[Extracted records]

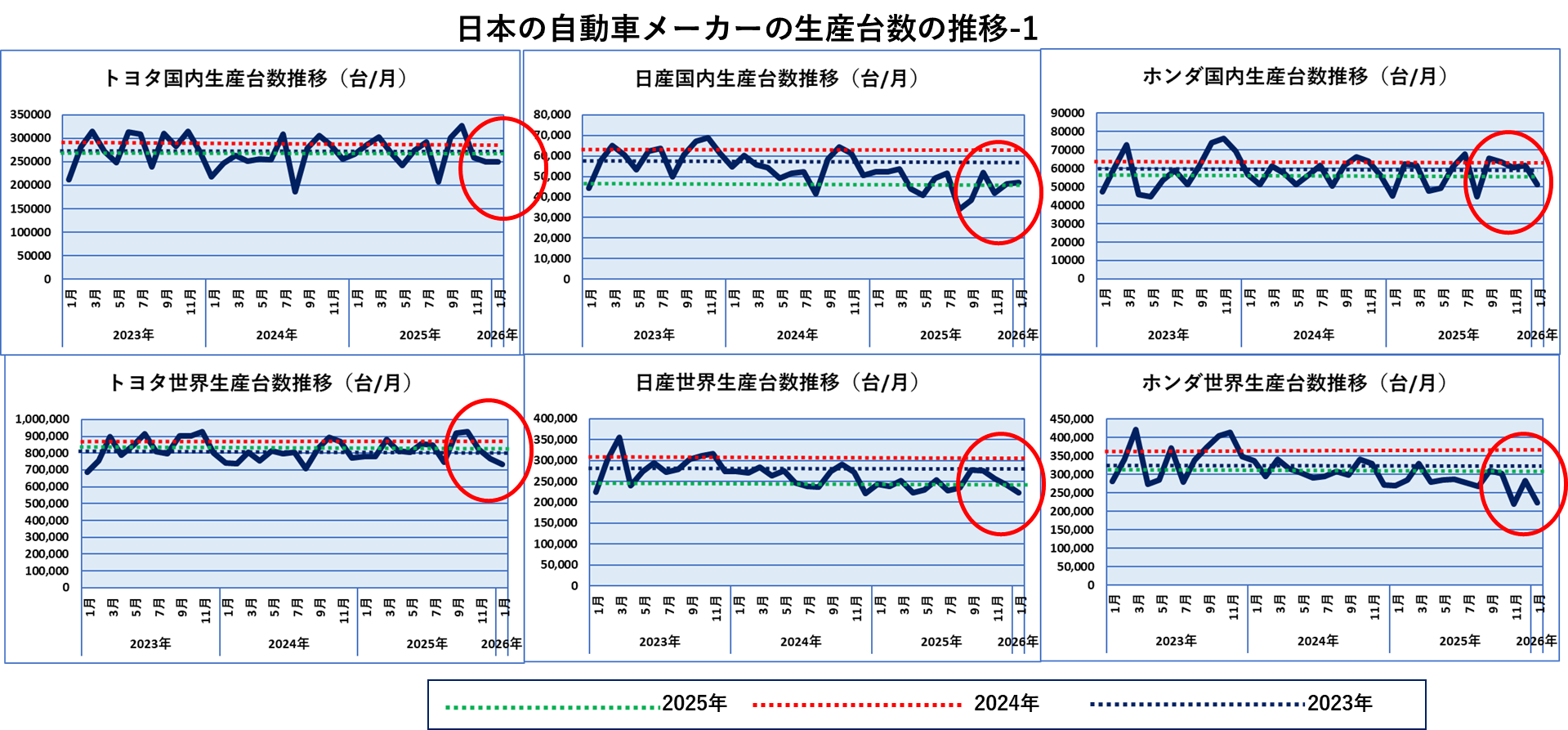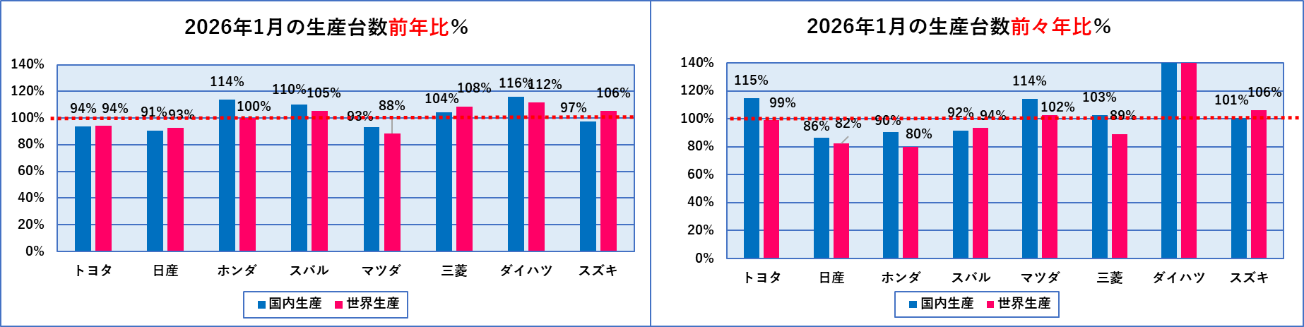 先週木曜日に日系自動車メーカーから2026年1月の生産台数が発表されましたが、全般に低調な滑り出しとなった模様です。各社の国内生産、世界生産の前年同月比、前々年同月比のグラフからご覧ください。
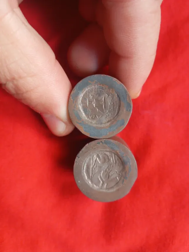 Conjunto de dos cuños de bronc compuestos de cara de anverso y reverso para hacer monedas íberas en cobre o otros materiales para monedas obolos griegos, oportunidad para personas que quieran usarlas con fines didacticos, enseñar en talleres medievales como se hacian monedas antiguamente, etc...
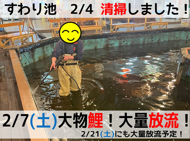 ★すわり池と五目池の掃除をします!掃除の日はその池はご利用できないので、ご注意ください!きれいにした後は、お待ちかねの大放流です!
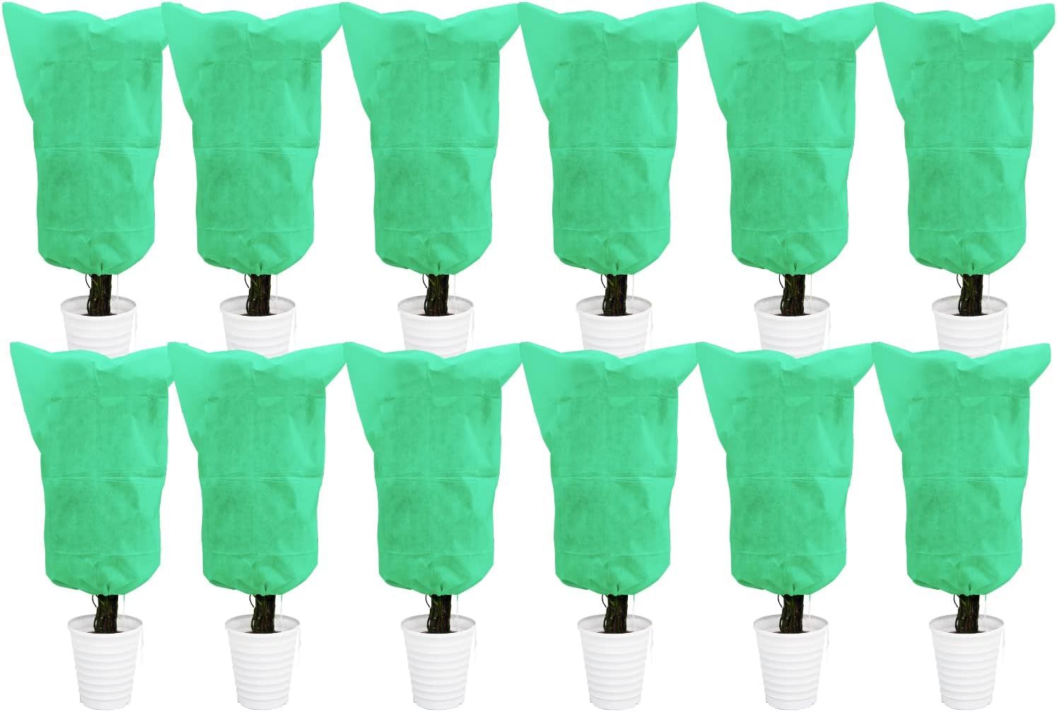 EAONE 12 Pack Plant Covers Freeze Protection, 32x47'' Winter Frosts Cloth for Outdoor Plants, Reusable Frost Blankets Drawstring Bags for Cold Freeze Sun Protection Bird Insect Prevention,Green
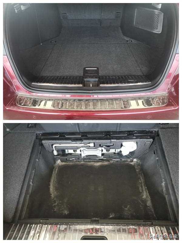 后备箱也有进水发霉的情况,掀背式后备箱,表面看虽然很大很干净,但掀开盖板就能看到里面的霉点和少量泥沙,估计也是洗车造成的。
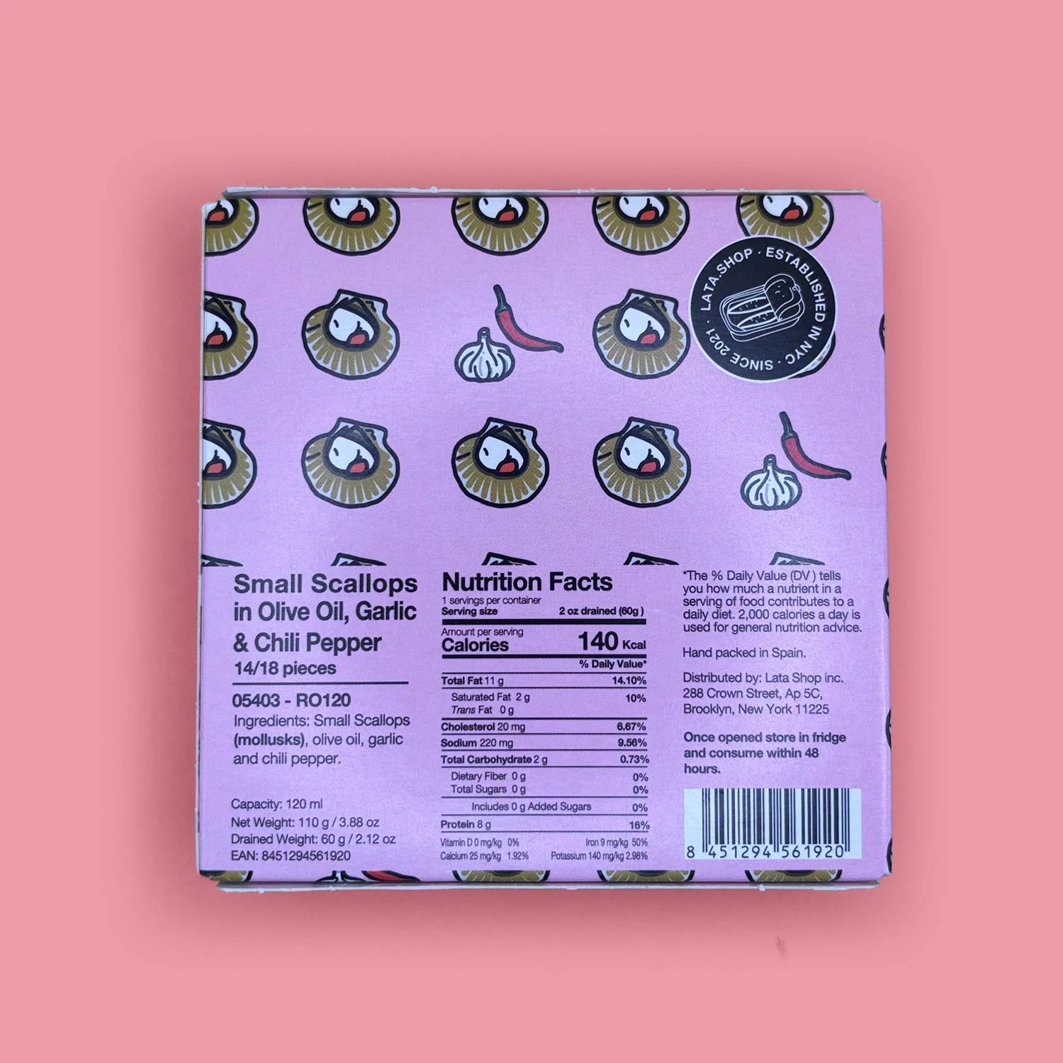 (120gr) Delicately tender and bursting with flavor, these small scallops are a gourmet delight preserved in rich Spanish olive oil infused with garlic and just the right touch of chili pepper.

> [EXERCISE INSTRUCTIONS]:
Please copy the data above exactly; the pictures do not belong in the copy.

> [YOUR RESPONSE]:
 先週木曜日に日系自動車メーカーから2026年1月の生産台数が発表されましたが、全般に低調な滑り出しとなった模様です。各社の国内生産、世界生産の前年同月比、前々年同月比のグラフからご覧ください。
 Conjunto de dos cuños de bronc compuestos de cara de anverso y reverso para hacer monedas íberas en cobre o otros materiales para monedas obolos griegos, oportunidad para personas que quieran usarlas con fines didacticos, enseñar en talleres medievales como se hacian monedas antiguamente, etc...
 ★すわり池と五目池の掃除をします!掃除の日はその池はご利用できないので、ご注意ください!きれいにした後は、お待ちかねの大放流です!
 EAONE 12 Pack Plant Covers Freeze Protection, 32x47'' Winter Frosts Cloth for Outdoor Plants, Reusable Frost Blankets Drawstring Bags for Cold Freeze Sun Protection Bird Insect Prevention,Green
 后备箱也有进水发霉的情况,掀背式后备箱,表面看虽然很大很干净,但掀开盖板就能看到里面的霉点和少量泥沙,估计也是洗车造成的。
 (120gr) Delicately tender and bursting with flavor, these small scallops are a gourmet delight preserved in rich Spanish olive oil infused with garlic and just the right touch of chili pepper.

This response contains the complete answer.